Kansas basketball: Women’s coach Brandon Schneider facing last chance at redemption

Kansas Jayhawks head coach Brandon Schneider, Mandatory Credit: Erich Schlegel-USA TODAY Sports
Kansas Jayhawks head coach Brandon Schneider, Mandatory Credit: Erich Schlegel-USA TODAY Sports /

The Kansas basketball women’s team is about to embark on their seventh season under head coach Brandon Schneider. It’s been an underwhelming tenure under Schneider, to say the least, and this may be his last shot to prove he belongs in the Big 12.

Schneider owns a coaching record of 57-98 during his time at Kansas. In Big 12 play, he’s just 14-94.

The Big 12 record especially is abysmal and unacceptable.

During his six years at the helm, the Kansas women’s team has finished last in the final Big 12 standings all but once (they finished ninth in 2017-18).
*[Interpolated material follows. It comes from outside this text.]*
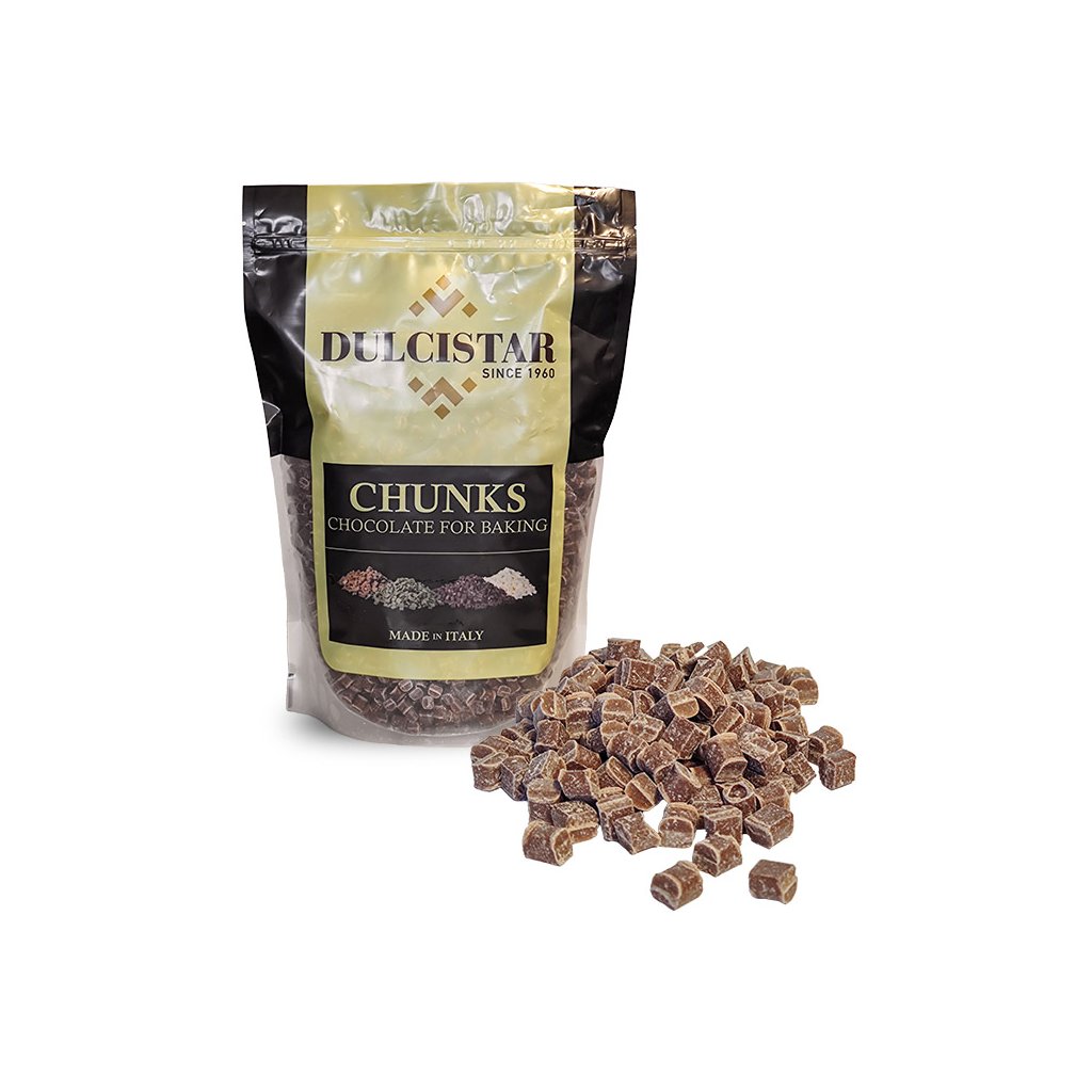 Čokoládové Chunks kostky mléčné 27 % i na pečení, Dulcistar 2 kg/sáček

They also have zero NCAA Tournament appearances and zero postseason tournament appearances of any kind.

The Kansas women’s program has never been a juggernaut, but under Schneider’s predecessor, Bonnie Henrickson, the Jayhawks at least experienced mild postseason success – making the WNIT Finals in 2009 and back-to-back Sweet 16 appearances in 2012 and 2013.

Kansas basketball deserves better for the women’s team, so why is Schneider still around?

Schneider likely would have been let go by now if it weren’t for a few things working in his favor.

First, Schneider was – for some inexplicable reason – awarded an undisclosed two-year contract extension in the spring of 2018 by then-athletic director Sheahon Zenger. It extended his original five-year contract through this upcoming 2021-22 season.

Then Zenger was fired shortly after in May 2018, essentially giving Schneider a grace period for that upcoming season as new athletic director Jeff Long wasn’t hired until July 2018. That timing would have made it too difficult for Long to find a replacement that close to the season.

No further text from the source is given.